<<<<

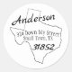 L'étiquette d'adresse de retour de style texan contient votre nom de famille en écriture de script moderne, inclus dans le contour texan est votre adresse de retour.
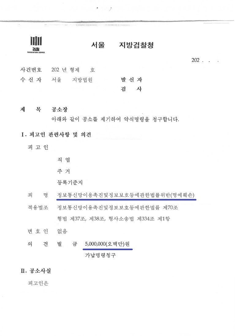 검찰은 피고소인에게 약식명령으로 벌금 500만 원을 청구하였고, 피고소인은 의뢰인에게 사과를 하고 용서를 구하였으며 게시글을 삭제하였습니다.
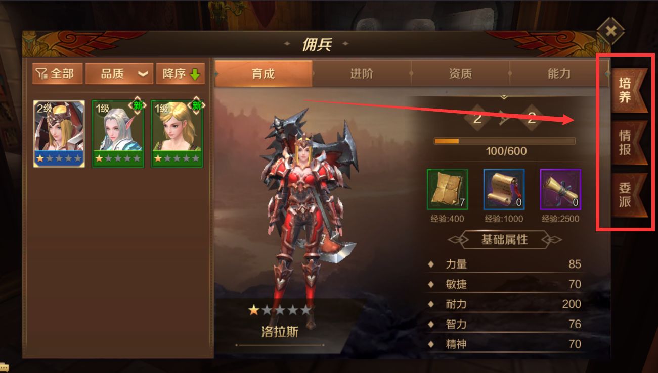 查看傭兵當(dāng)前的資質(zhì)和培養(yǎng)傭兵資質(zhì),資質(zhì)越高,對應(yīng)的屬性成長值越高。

>>>>

- [TASK TO CARRY OUT]
The task calls for repeating each line above exactly while excluding the pictures.

- [FINAL ANSWER]
 L'étiquette d'adresse de retour de style texan contient votre nom de famille en écriture de script moderne, inclus dans le contour texan est votre adresse de retour.
 검찰은 피고소인에게 약식명령으로 벌금 500만 원을 청구하였고, 피고소인은 의뢰인에게 사과를 하고 용서를 구하였으며 게시글을 삭제하였습니다.
 查看傭兵當(dāng)前的資質(zhì)和培養(yǎng)傭兵資質(zhì),資質(zhì)越高,對應(yīng)的屬性成長值越高。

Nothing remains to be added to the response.